Домой приходил поздно, согласный на разные смены. Бригадиром стал. Люди к нему прислушивались, уважали. А Нюра по дому хозяйничала: чисто в нем и уютно. А еще она хорошо шила, шитье давало семье дополнительные средства. Поначалу к ней только соседки приходили: кофточку, платьице простое скроить. Через них появились клиентки, побогаче соседок, любящие «современную линию моды». Пришлось основательно освоить рукоделье. Нюра на курсы пошла, научилась шить как профессиональная портниха. Однако первой заботой оставались Людочка, Коля и дом.
Дочка росла красавицей-умницей: ласковая, заботливая, покладистая, первая помощница матери. Когда родился Гена, она радостно приняла на себя роль старшей сестры. Два года между ними разницы, а кажется, что больше. Люда – ответственная, серьезная, в школе на нее не нахвалятся. Гена – капризный, поминутно требующий родительского внимания. Если игрушку не купишь, сразу на пол бросается, в магазине – дома ли, и в рев: «Купи, купи!». Перед людьми стыдно. В школе на него постоянно жаловались: неусидчивый, лентяй. Хоть туда не ходи – одни жалобы на сына. Нюра и не ходила, отправляла в школу Николая.
– Ты – отец, – убеждала мужа, – с тобой учительница спокойней говорить станет.
И тот не сопротивлялся, в школу ходил: о любимице своей, Людочке, радостно похвалу учительскую слушал, о гордости своей, Геннадии, с учителями советовался, как того дома воспитывать. А еще в свободное время с детьми играл. Во что? В домино и карты, хоть и говорили учителя, что такие игры детям не подходят. Не верил им Николай и так рассуждал:
– Я играл, и дураком не вырос.
Еще любил с детьми на лыжах побегать, да в снежки покидаться.
Летом же ездили всей семьей на родину – в село Высокое. Привозили туда городские подарки и сладости. Увозили картошку и садово-огородное богатство. Засолить, замариновать – в этом Нюре не было равных: весь год потом питались, да родительский дом добром вспоминали.

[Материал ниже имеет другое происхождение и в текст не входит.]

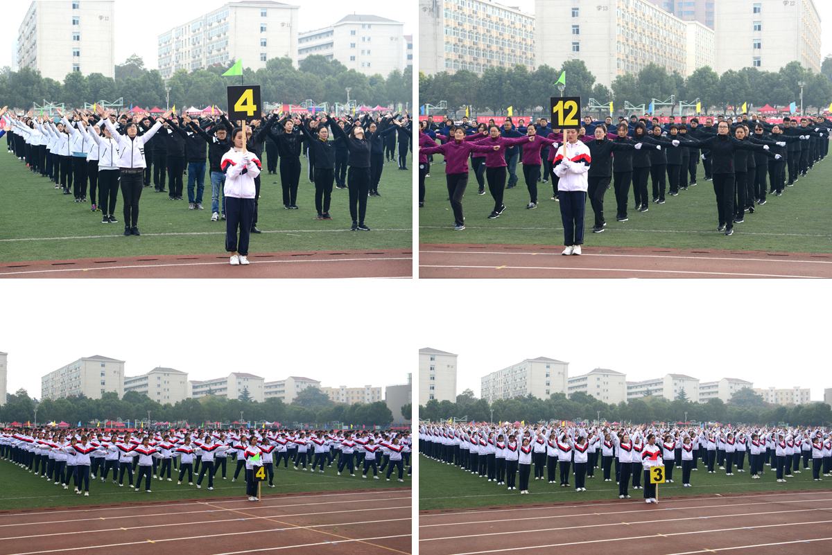 开幕式过后,各二级单位教职工代表队与19级新生代表队分别进行广播操比赛。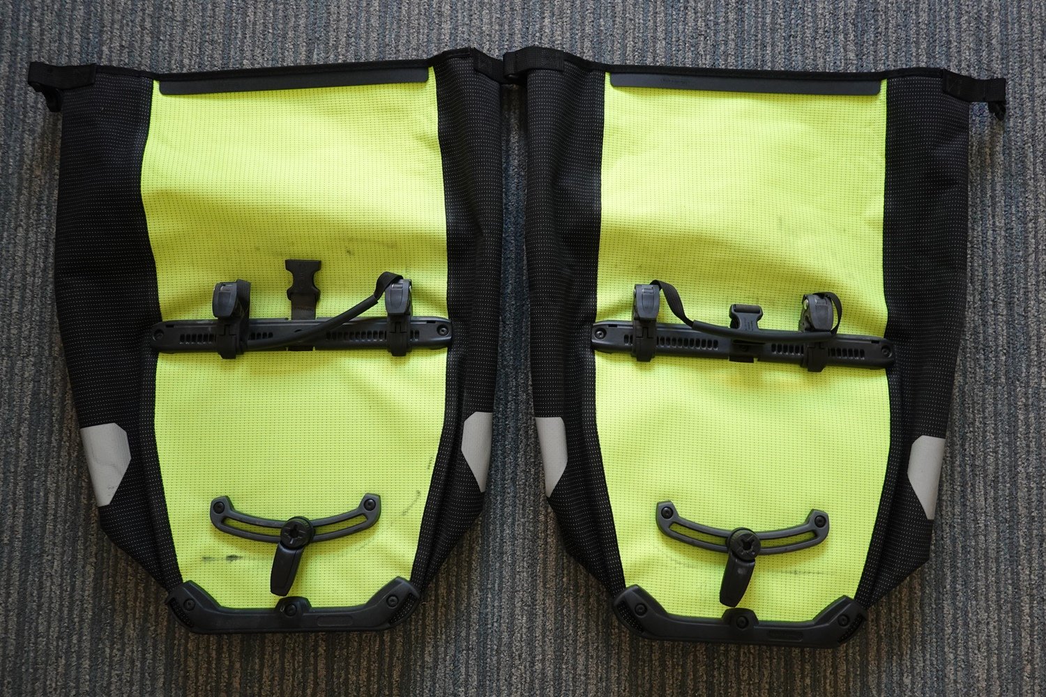 Twee fietstassen Ortlieb Back Roller High Visibility Geel.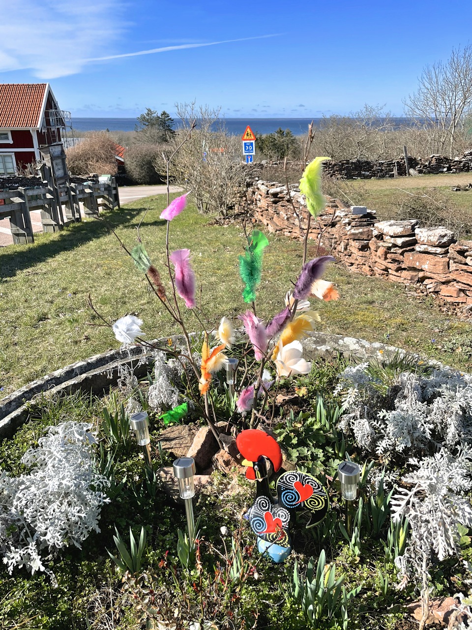 Trevligt påskpyntat i Borgehage av Katarina och Gunnar som bor tvärsöver vägen!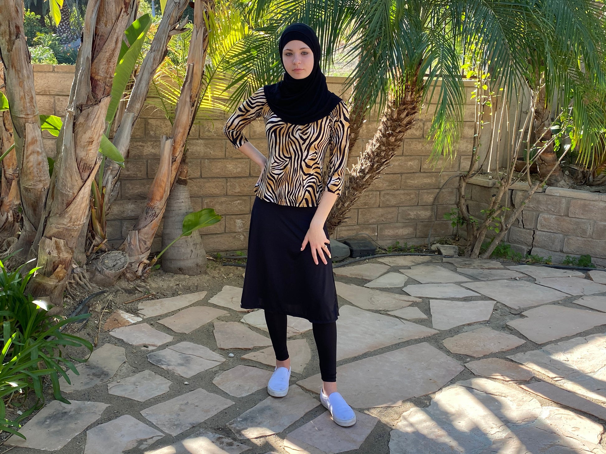 Leggings are ankle length.

Нюра по селу ходила гордая – себя и детей показывала, рассказывала о своей жизни так, что односельчане в зависти губу прикусывали: «ишь, как Нюрка устроилась!». Только никому не говорила: ее бы воля, вернулась в село – к родной березке у дома, к речке – подружке ее детской, к лесу с высокими деревьями, с грибами и ягодами, с тайными тропами. Николай же быстро освоился в городе, считая, что выбился в люди благодаря городской жизни и своему упорству. Постепенно и Нюра смирилась, привыкла, почитая за благо летом на недельку-другую окунуться в сельскую жизнь, набраться душевных сил, чтобы снова и снова выдерживать городскую маету.

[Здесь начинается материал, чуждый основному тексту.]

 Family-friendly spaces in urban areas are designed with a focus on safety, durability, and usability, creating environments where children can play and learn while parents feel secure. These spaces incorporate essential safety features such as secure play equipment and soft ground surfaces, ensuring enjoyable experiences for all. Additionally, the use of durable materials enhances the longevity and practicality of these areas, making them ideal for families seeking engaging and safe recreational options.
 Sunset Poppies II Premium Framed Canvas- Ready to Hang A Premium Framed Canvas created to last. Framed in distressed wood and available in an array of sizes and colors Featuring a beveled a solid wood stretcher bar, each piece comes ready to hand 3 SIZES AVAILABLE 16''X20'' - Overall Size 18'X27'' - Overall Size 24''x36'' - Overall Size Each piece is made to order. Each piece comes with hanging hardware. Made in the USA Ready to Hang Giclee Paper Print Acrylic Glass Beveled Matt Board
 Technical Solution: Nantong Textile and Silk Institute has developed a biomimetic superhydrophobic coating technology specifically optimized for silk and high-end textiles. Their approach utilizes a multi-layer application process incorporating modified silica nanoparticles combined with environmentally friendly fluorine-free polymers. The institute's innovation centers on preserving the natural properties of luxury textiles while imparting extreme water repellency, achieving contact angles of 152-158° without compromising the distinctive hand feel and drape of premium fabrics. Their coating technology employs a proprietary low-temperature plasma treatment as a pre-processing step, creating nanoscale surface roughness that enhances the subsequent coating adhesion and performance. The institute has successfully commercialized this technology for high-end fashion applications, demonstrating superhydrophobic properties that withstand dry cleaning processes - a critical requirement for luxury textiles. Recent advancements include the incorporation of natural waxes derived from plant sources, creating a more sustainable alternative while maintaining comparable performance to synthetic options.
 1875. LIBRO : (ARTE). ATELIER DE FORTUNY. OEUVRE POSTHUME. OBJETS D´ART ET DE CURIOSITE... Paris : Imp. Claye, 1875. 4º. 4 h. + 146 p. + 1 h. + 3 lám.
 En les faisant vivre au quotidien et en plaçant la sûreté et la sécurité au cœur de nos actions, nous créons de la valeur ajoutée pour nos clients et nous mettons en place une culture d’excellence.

Все у них шло хорошо. Конечно, бывали неприятности. Николай – обычно спокойный и добрый, иногда загуливал с друзьями. Приходилось тогда Нюре с детьми бежать из дома, потому что пьяный муж менялся совершенно, становясь несдержанным и грубым, грозя ей и детям, что всех поставит на место, крича, что они висят у него на шее и не ценят этого, требуя, чтобы его уважали. Людочка в такие минуты кидалась на пьяного отца, стараясь прикрыть мать от его ударов своим малым тельцем. Гена затихал, в глазах его помещался страх, который потом прорывался в нервном тике в уголках губ. Нюра собирала детей и бежала из дома, бродила по улицам, смотрела на окна квартиры в надежде, что выключится свет, и тогда они смогут вернуться. Иной раз он закрывал входную дверь, и приходилось ломать дверной замок. Благо: соседи знали Николаевы причуды и, сочувствуя Нюре, помогали ей проникнуть в квартиру. На утро муж с виноватым видом чинил разбитую дверь или сломанный замок, просил прощения. Несколько дней затем старался во всем угодить жене, всем своим видом показывая, что осознал и исправился. Он и в самом деле исправлялся, долгое время не пил. Жизнь налаживалась до следующего раза.
Однажды Нюра не выдержала, собрала детей, да уехала к матери. Николай приехал за ней через неделю, просил-умолял вернуться. Мать ей тогда сказала:
– У тебя дети, одна их не подымешь. А бегать в поисках нового мужа у нас не принято. Терпи, девка, сама выбрала.
Мать ворчала и сердилась бесконечно, так что Нюра быстро поняла: пора уезжать. И вернулась домой, поразмыслив: Николай – муж хозяйственный, любит детей, о ней заботится. А что пьет иногда, так кто сейчас не пьет? Надо же мужику расслабиться от тяжкой жизни?
Так и жили, пока не пришло нежданное горе.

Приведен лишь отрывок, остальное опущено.